▶ **Information**
..............................

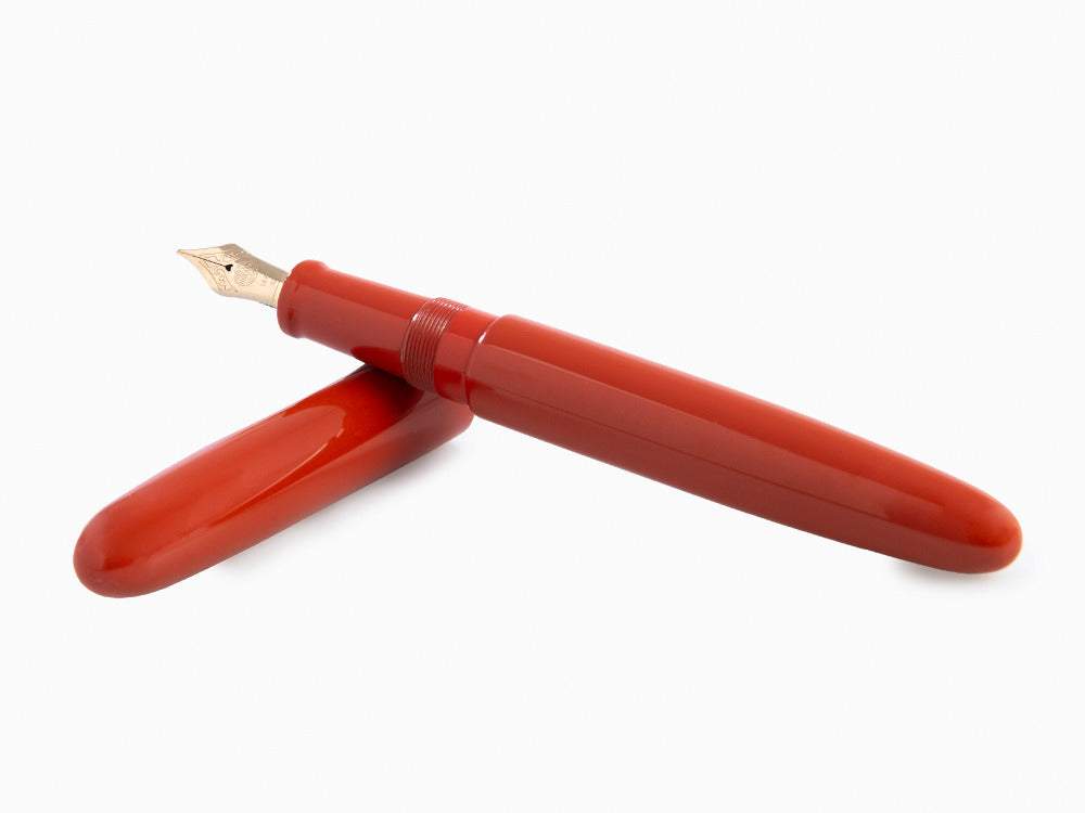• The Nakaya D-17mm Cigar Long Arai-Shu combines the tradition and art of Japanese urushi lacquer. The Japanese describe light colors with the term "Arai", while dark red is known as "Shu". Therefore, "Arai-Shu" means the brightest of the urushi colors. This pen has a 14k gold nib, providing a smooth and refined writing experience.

..............................

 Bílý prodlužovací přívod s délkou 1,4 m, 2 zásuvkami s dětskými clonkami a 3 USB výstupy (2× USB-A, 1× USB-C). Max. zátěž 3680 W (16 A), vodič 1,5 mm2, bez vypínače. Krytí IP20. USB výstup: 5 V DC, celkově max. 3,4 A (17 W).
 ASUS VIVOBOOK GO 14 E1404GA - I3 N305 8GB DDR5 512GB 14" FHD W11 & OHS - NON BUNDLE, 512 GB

..............................

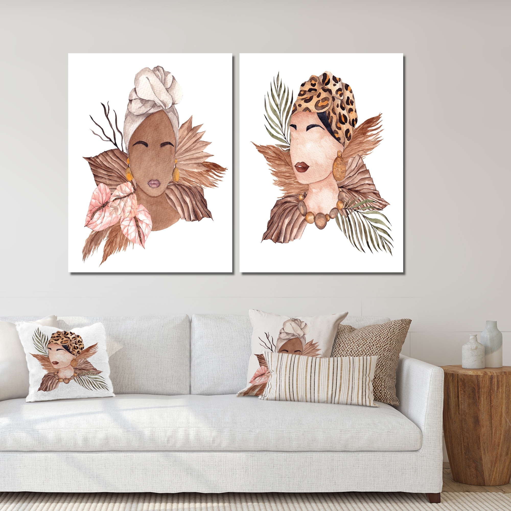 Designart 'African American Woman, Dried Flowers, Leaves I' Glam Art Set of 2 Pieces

..............................

▶ **Exercise goal**
Retype exactly, and only, the lines above from the one where "Bílý prodlužovací přívod" occurs up to and including the one where "ASUS VIVOBOOK GO" occurs.

▶ **Written solution**
 Bílý prodlužovací přívod s délkou 1,4 m, 2 zásuvkami s dětskými clonkami a 3 USB výstupy (2× USB-A, 1× USB-C). Max. zátěž 3680 W (16 A), vodič 1,5 mm2, bez vypínače. Krytí IP20. USB výstup: 5 V DC, celkově max. 3,4 A (17 W).
 ASUS VIVOBOOK GO 14 E1404GA - I3 N305 8GB DDR5 512GB 14" FHD W11 & OHS - NON BUNDLE, 512 GB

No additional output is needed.